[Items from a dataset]
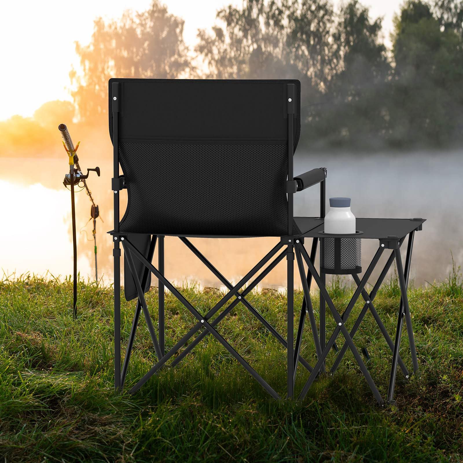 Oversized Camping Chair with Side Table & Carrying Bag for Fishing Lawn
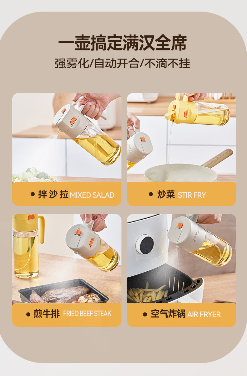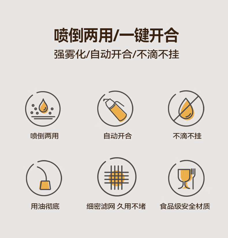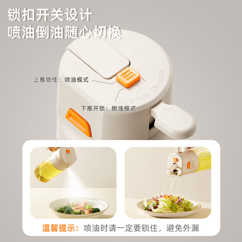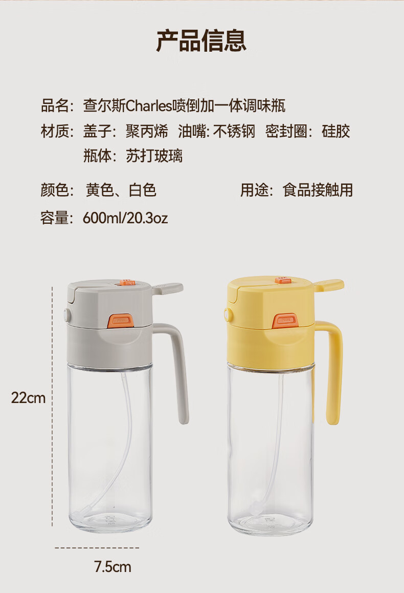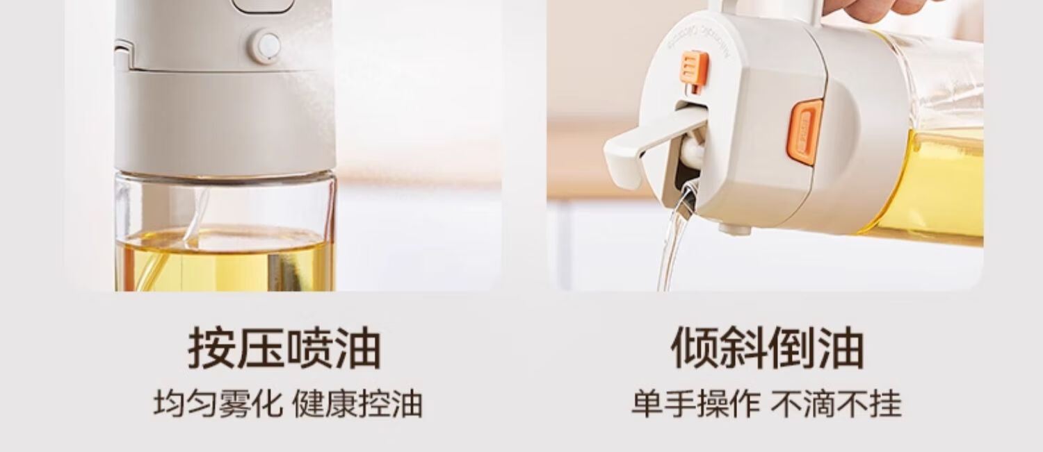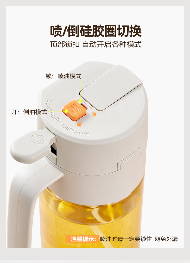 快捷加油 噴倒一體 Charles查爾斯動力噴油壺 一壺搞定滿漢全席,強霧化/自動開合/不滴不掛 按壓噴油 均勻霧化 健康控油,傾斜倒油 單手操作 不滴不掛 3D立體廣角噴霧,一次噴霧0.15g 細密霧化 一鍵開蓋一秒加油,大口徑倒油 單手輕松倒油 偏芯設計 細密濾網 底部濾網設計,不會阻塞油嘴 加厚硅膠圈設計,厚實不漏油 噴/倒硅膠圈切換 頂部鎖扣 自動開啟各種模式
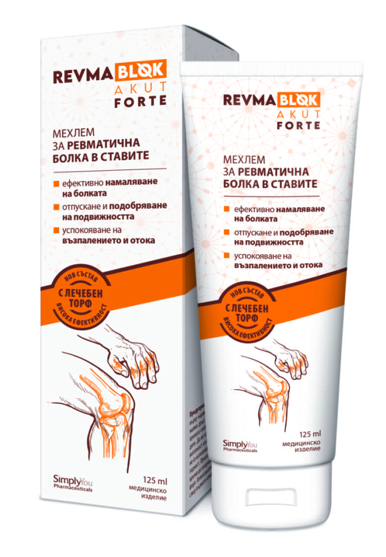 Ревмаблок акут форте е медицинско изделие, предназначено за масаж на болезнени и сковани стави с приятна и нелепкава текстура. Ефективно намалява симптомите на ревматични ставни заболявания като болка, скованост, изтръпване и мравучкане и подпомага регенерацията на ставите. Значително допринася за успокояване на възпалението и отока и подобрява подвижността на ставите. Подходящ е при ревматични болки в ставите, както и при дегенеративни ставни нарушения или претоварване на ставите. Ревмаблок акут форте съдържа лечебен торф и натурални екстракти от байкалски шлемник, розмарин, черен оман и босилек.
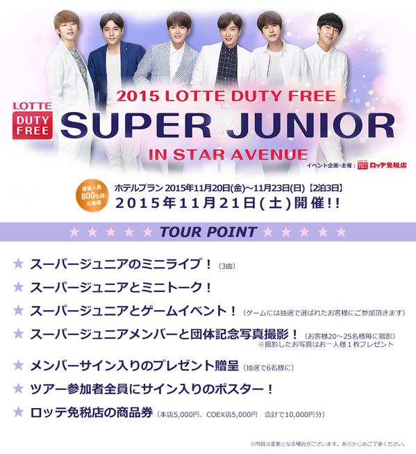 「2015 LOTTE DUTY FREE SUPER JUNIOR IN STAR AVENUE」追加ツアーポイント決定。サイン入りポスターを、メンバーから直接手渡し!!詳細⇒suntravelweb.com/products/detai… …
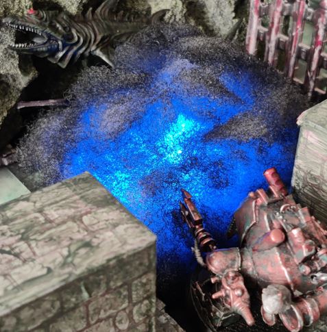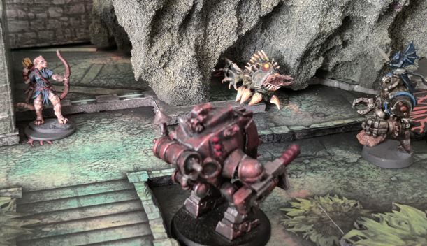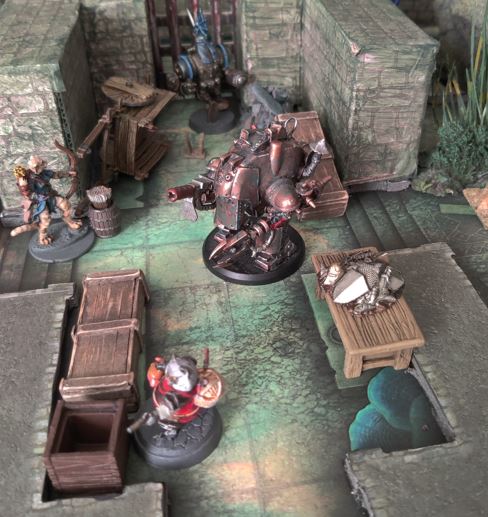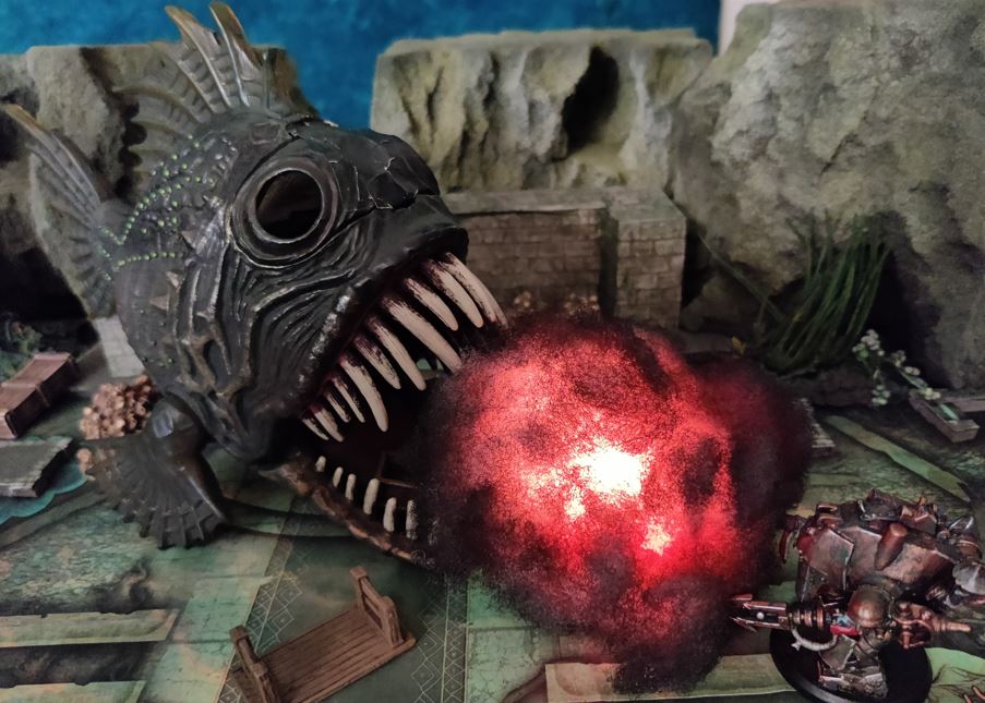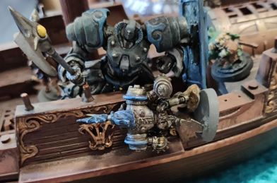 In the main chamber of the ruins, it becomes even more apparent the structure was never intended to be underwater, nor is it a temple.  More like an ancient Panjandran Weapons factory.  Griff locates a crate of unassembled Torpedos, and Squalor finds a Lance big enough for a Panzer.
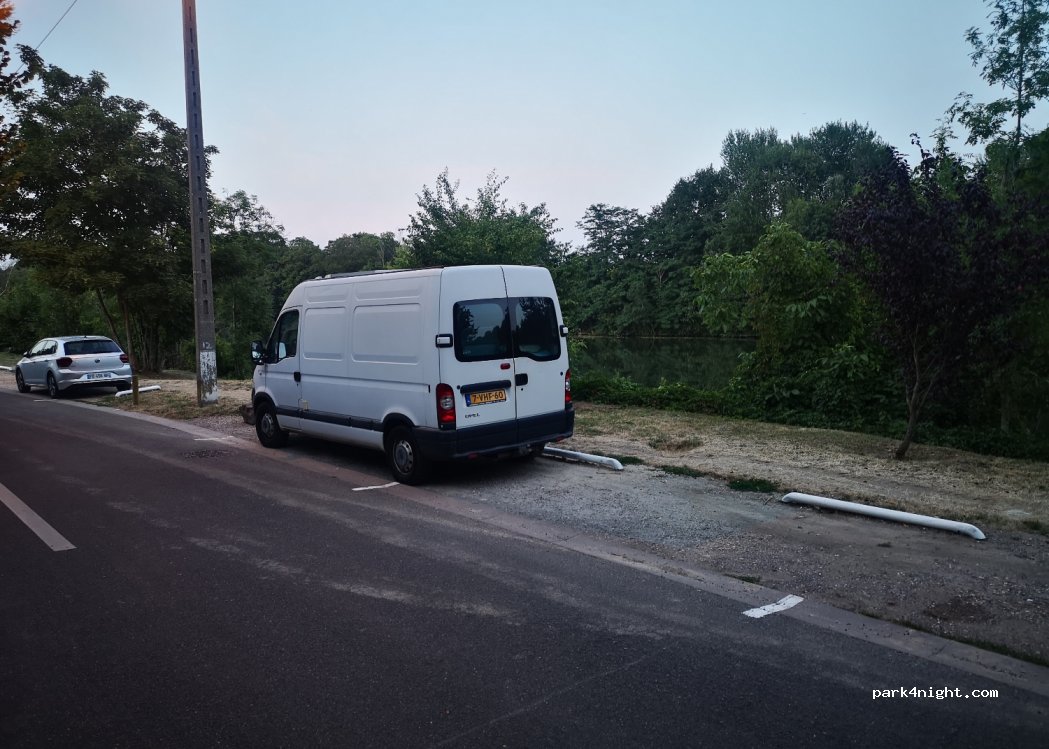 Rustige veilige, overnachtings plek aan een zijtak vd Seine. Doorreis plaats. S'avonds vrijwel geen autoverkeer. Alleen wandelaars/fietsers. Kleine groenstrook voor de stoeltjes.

• WORK TASK
What is needed is a word-for-word copy of the lines from the start of the data to the line with "快捷加油 噴倒一體 Charles查爾斯動力噴油壺", inclusive, with no pictures in it.

• PROBLEM SOLUTION
 Oversized Camping Chair with Side Table & Carrying Bag for Fishing Lawn
 快捷加油 噴倒一體 Charles查爾斯動力噴油壺 一壺搞定滿漢全席,強霧化/自動開合/不滴不掛 按壓噴油 均勻霧化 健康控油,傾斜倒油 單手操作 不滴不掛 3D立體廣角噴霧,一次噴霧0.15g 細密霧化 一鍵開蓋一秒加油,大口徑倒油 單手輕松倒油 偏芯設計 細密濾網 底部濾網設計,不會阻塞油嘴 加厚硅膠圈設計,厚實不漏油 噴/倒硅膠圈切換 頂部鎖扣 自動開啟各種模式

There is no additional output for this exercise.